UCL researchers use AI to identify two forms of MS for the first time              

MRI Brain Scan. Doctor shows MRI Brain Scan of head and skull.
image: ©Makhbubakhon Ismatova | iStock

For the first time, UCL researchers have used AI to identify two biologically distinct forms of MS, supporting the potential for more personalised care and improved treatment decisions for patients worldwide

A study led by University College London has used artificial intelligence to reveal two biologically distinct forms of multiple sclerosis (MS). By combining routine MRI brain scans with a simple blood biomarker test, the team used a machine learning model to identify early‑sNfL and late‑sNfL MS subtypes, highlighting differences in disease progression that had previously been invisible.
Published in Brain, this research has the potential to transform diagnosis, enable more personalised treatments, and help clinicians better predict the disease course for people living with MS globally.

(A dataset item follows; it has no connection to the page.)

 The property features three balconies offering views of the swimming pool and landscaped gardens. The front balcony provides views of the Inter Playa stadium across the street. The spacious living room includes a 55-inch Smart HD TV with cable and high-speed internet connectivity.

Rethinking MS subtypes: Why biology matters

The researchers used data from 634 participants across two clinical trial groups, revealing two distinct forms of MS:
  • Early-sNfL: These patients had elevated sNfL levels early in the disease, along with visible corpus callosum damage. They also developed brain lesions (damaged areas) quickly. This type appears to be more aggressive and active.
  • Late-sNfL: These patients showed brain shrinkage in areas such as the limbic cortex and deep grey matter before sNfL levels rose (so the disease had progressed much further). This type seems slower, with overt damage occurring later.
This approach may help doctors more accurately identify which patients are at higher risk of developing new brain lesions.
Lead author of the study, Dr Arman Eshaghi (UCL Queen Square Institute of Neurology and UCL Hawkes Institute in UCL Computer Science) said: “MS is not one disease and current subtypes fail to describe the underlying tissue changes, which we need to know to treat it.
“By using an AI model combined with a highly available blood marker with MRI, we have been able to show two clear biological patterns of MS for the first time. This will help clinicians understand where a person sits on the disease pathway and who may need closer monitoring or earlier, targeted treatment.”

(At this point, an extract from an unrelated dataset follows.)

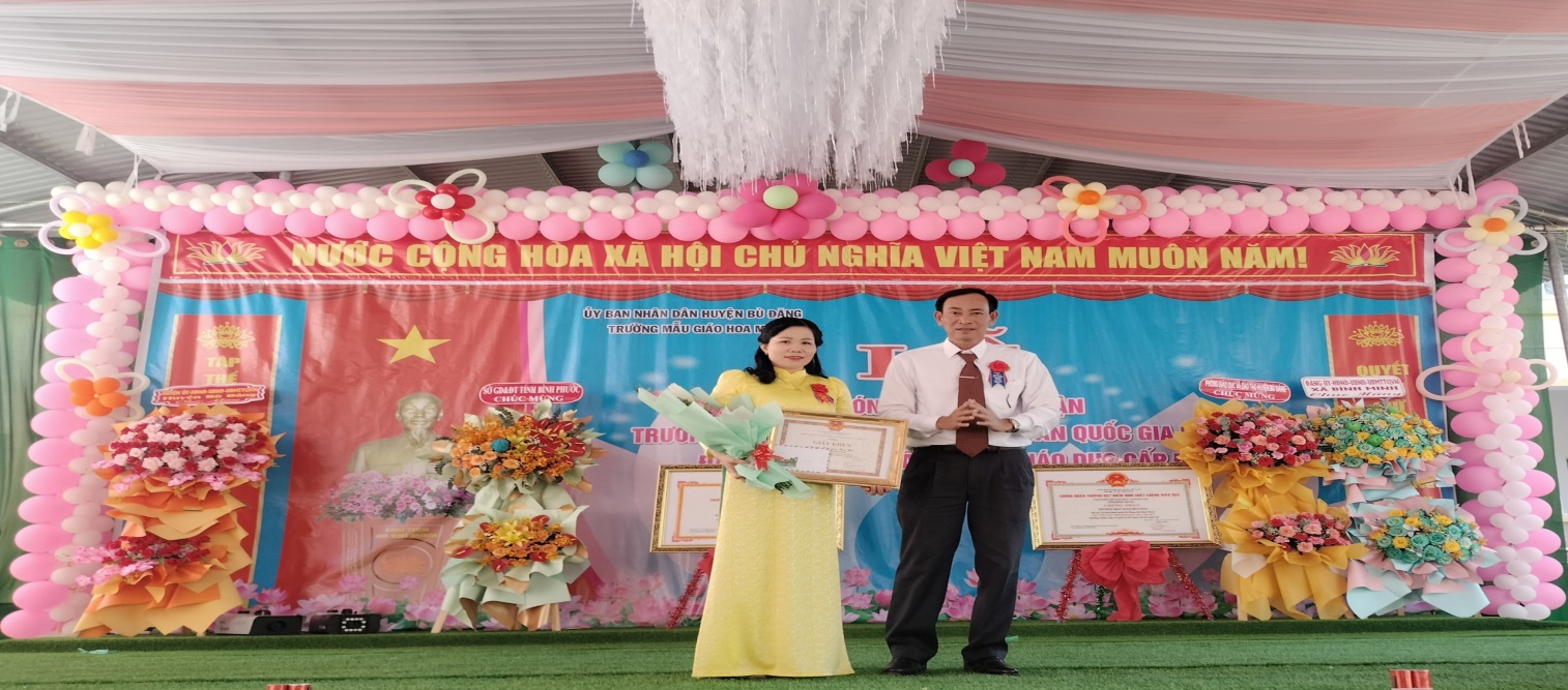 \Lãnh đạo ngành Giáo dục& đào tạo Bình Phước, huyện Bù Đăng trao bằng công nhận trường đạt chuẩn quốc gia mức độ I và chứng nhận kiểm định chất lượng Giáo dục cấp độ 2 cho Cô – trò nhà trường.

How AI and Big Data are changing MS research

Nearly 3 million people worldwide are living with multiple sclerosis (MS), a disease that often strikes young adults and can cause significant disability early in life. Traditionally, clinicians have classified MS based on how symptoms progress, but these categories do not reflect the underlying biological causes, leading to a disconnect between diagnosed types and the actual disease mechanisms. As a result, treatments chosen based on symptoms and disease course may not be effective because they fail to target the disease’s underlying biological mechanisms.
Queen Square Analytics (QSA), a UCL spinout, leveraged large datasets and artificial intelligence to uncover patterns in MS subtypes that had previously gone unnoticed. These data-driven subtypes can be paired with therapies that directly address the underlying biological changes, allowing for more effective treatment choices. Since changes in brain imaging and blood biomarkers appear before clinical symptoms worsen, these insights now empower clinicians to better predict and potentially prevent disability progression.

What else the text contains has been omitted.